Sunday, August 27, 2006

A literature with a sense of place

  • While in college, I read a book that ignited my passion for Latin American literature. It was Mario Vargas Llosa's "Conversation in the Cathedral." The "cathedral" of the title was actually the name of a seedy bar, situated in the bowels of Lima's tawdriest neighborhood where buses, trucks and colectivo cabs picked up low-fare passengers bound for the farthest reaches of the Andes, the altiplano or the coastal desert. The cover photo sent a vibe -- of a joint where men who would do anything for a price exchanged information and took orders, downed cold beers as a salve against the heat and the torpor of their souls, and ground out cigarettes right on the surface of the wooden tables. What a place.
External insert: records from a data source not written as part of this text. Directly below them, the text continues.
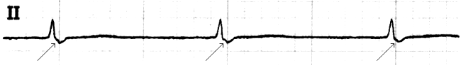 - vorzeitiger Einfall ![]() untere AV-Knoten-Extrasystole mit retrograder Vorhoferregung, geringer Aberranz und nicht kompensierender, postextrasystolischer Pause |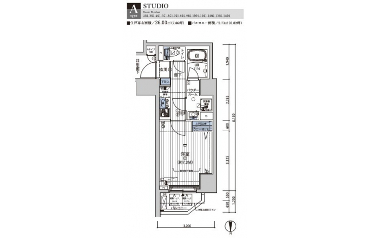 | 専有面積 | 26.00m² | バルコニー面積 | |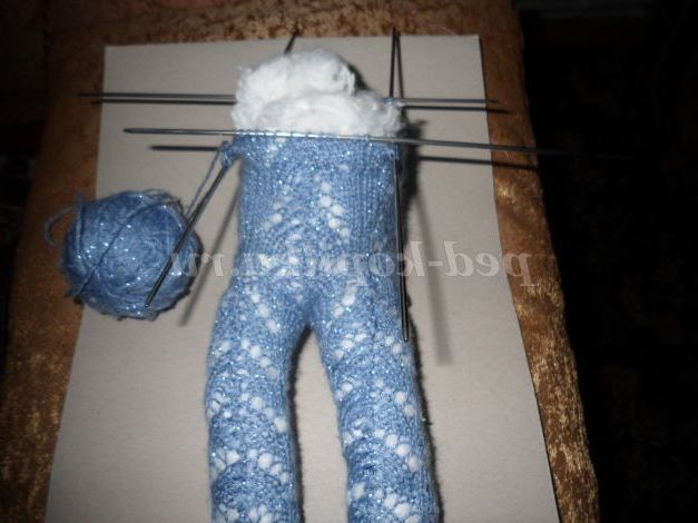 Тепер потрібно з'єднати 2 кінцівки, розподіливши 52 петлі на 4 спиці (черевце, 2 боки і зад )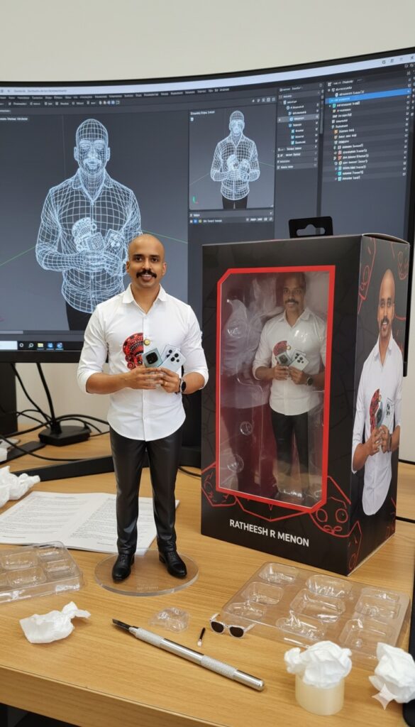 Next to the screen, there is a large toy packaging box labeled “YOUR NAME,” styled like a premium gamer collectible package.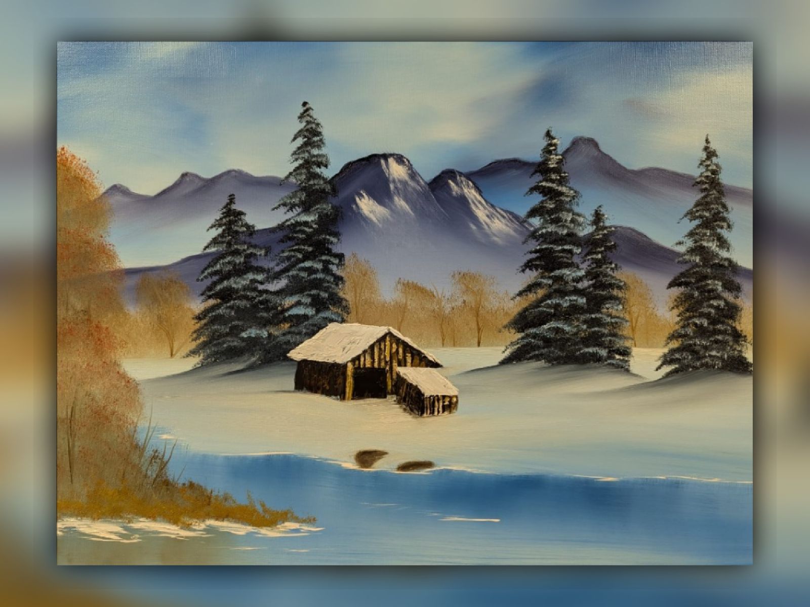 Viel zu lernen, zu staunen und sich zu freuen. Ich zeige dir Schritt für Schritt, wie du deine eigene kleine Winterwelt malst: die Berge, das Wasser, die Bäume, den Schnee – und all die anderen wunderbaren „Bob Ross®“-Elemente.

Reading Vargas Llosa's scenes, I thought it must be something like the student bar I hung out in on Friday nights, the El Dorado, which was lit like a Hopper painting and harbored a few unsavory types, but was always friendly because of a screaming juke box and rowdy innocents. Little did I know. On a much later trip to Lima, and to the transport hub of the fictional Cathedral, I realized my college bar was an oasis, a paragon of virtue and hygiene, in comparison to the bars I saw before me then.

    I thought about this yesterday, while taking a break from the heat at Amnesia Brewing. A couple of dewy tall glasses of ESB were positioned before me, and I thought back to the Cathedral, and to that sense of PLACE. Is there a literature that creates it for Portland? And if so, what are its characteristics?